Gan et al. (2013) From ontology to semantic similarity: calculation of ontology-based semantic similarity. ScientificWorldJournal 2013:793091. (pmid: 23533360) |
[ PubMed ] [ DOI ] Advances in high-throughput experimental techniques in the past decade have enabled the explosive increase of omics data, while effective organization, interpretation, and exchange of these data require standard and controlled vocabularies in the domain of biological and biomedical studies. Ontologies, as abstract description systems for domain-specific knowledge composition, hence receive more and more attention in computational biology and bioinformatics.
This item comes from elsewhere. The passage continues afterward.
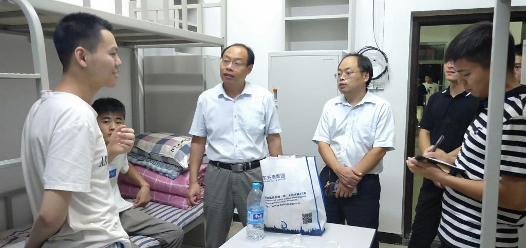 9月7日晚上,学院领导、2019级新生辅导员以及团委学生会干部等一行来到宿舍2号楼和5号楼新生宿舍,看望2019级新生。
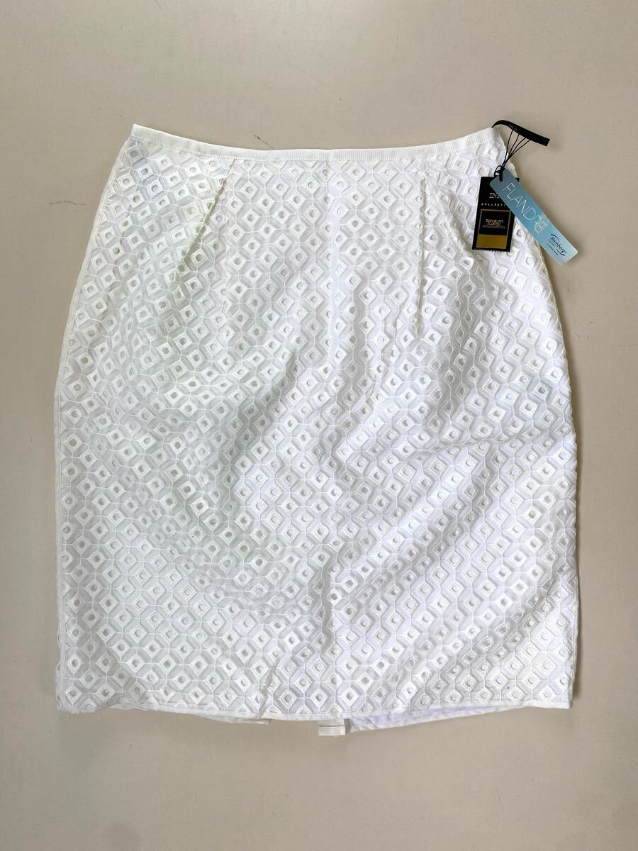 - ● 未使用 INED *繊細なアイレットレース* ナロー スカート 白 サイズ9 ◆ 下げ札付き ひざ下丈 イネド ◆W3 UゆHI3-20

Particularly, many applications relying on domain ontologies require quantitative measures of relationships between terms in the ontologies, making it indispensable to develop computational methods for the derivation of ontology-based semantic similarity between terms. Nevertheless, with a variety of methods available, how to choose a suitable method for a specific application becomes a problem. With this understanding, we review a majority of existing methods that rely on ontologies to calculate semantic similarity between terms. We classify existing methods into five categories: methods based on semantic distance, methods based on information content, methods based on properties of terms, methods based on ontology hierarchy, and hybrid methods. We summarize characteristics of each category, with emphasis on basic notions, advantages and disadvantages of these methods. Further, we extend our review to software tools implementing these methods and applications using these methods. |
Practical work with GO: bioconductor.
The bioconductor project hosts the GOSemSim package for semantic similarity.
Task:
- Work through the following R-code. If you have problems, discuss them on the mailing list. Don't go through the code mechanically but make sure you are clear about what it does.
# GOsemanticSimilarity.R
# GO semantic similarity example
# B. Steipe for BCB420, January 2014
setwd("~/your-R-project-directory")
# GOSemSim is an R-package in the bioconductor project. It is not installed via
# the usual install.packages() comand (via CRAN) but via an installation script
# that is run from the bioconductor Website.
source("http://bioconductor.org/biocLite.R")
biocLite("GOSemSim")
library(GOSemSim)
# This loads the library and starts the Bioconductor environment.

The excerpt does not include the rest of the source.